> [Task goal]: The reply must contain exactly the lines below from the one with "Driving with authority, especially" down to the one with "Ut a key ludio", both included, and nothing more; please omit the pictures.
[Data for review — start]
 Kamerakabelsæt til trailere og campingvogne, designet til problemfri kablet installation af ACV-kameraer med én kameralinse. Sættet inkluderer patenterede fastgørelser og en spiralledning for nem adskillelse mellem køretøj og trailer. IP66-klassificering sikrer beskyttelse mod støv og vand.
[Data for review — finish]
[Data for review — start]
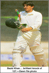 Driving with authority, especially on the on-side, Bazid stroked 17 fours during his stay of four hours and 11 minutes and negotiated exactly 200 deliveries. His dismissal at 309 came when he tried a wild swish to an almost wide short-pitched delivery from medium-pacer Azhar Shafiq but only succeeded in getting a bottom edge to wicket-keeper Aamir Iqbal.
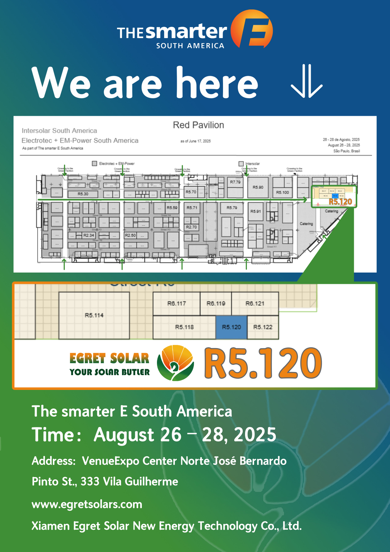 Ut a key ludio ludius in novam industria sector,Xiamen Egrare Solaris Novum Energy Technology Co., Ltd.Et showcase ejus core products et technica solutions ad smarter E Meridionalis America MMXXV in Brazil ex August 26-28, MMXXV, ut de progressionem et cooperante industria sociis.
[Data for review — finish]
[Data for review — start]
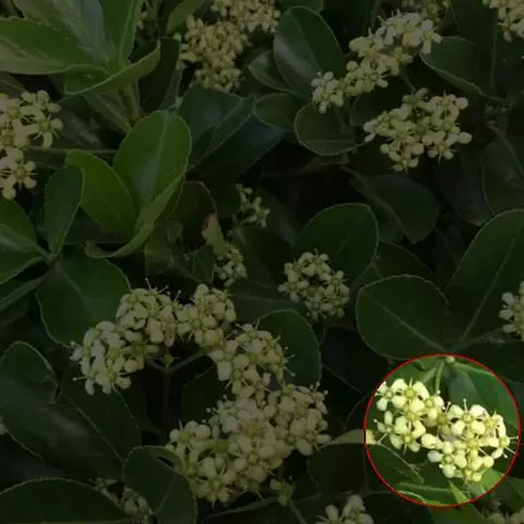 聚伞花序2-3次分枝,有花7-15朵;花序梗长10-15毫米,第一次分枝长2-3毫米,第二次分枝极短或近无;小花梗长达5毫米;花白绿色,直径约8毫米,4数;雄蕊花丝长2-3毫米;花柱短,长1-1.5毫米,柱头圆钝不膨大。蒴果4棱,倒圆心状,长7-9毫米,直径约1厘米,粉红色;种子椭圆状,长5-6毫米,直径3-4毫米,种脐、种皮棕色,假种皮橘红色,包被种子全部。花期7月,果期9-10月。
[Data for review — finish]
> [Response to the task]:
 Driving with authority, especially on the on-side, Bazid stroked 17 fours during his stay of four hours and 11 minutes and negotiated exactly 200 deliveries. His dismissal at 309 came when he tried a wild swish to an almost wide short-pitched delivery from medium-pacer Azhar Shafiq but only succeeded in getting a bottom edge to wicket-keeper Aamir Iqbal.
 Ut a key ludio ludius in novam industria sector,Xiamen Egrare Solaris Novum Energy Technology Co., Ltd.Et showcase ejus core products et technica solutions ad smarter E Meridionalis America MMXXV in Brazil ex August 26-28, MMXXV, ut de progressionem et cooperante industria sociis.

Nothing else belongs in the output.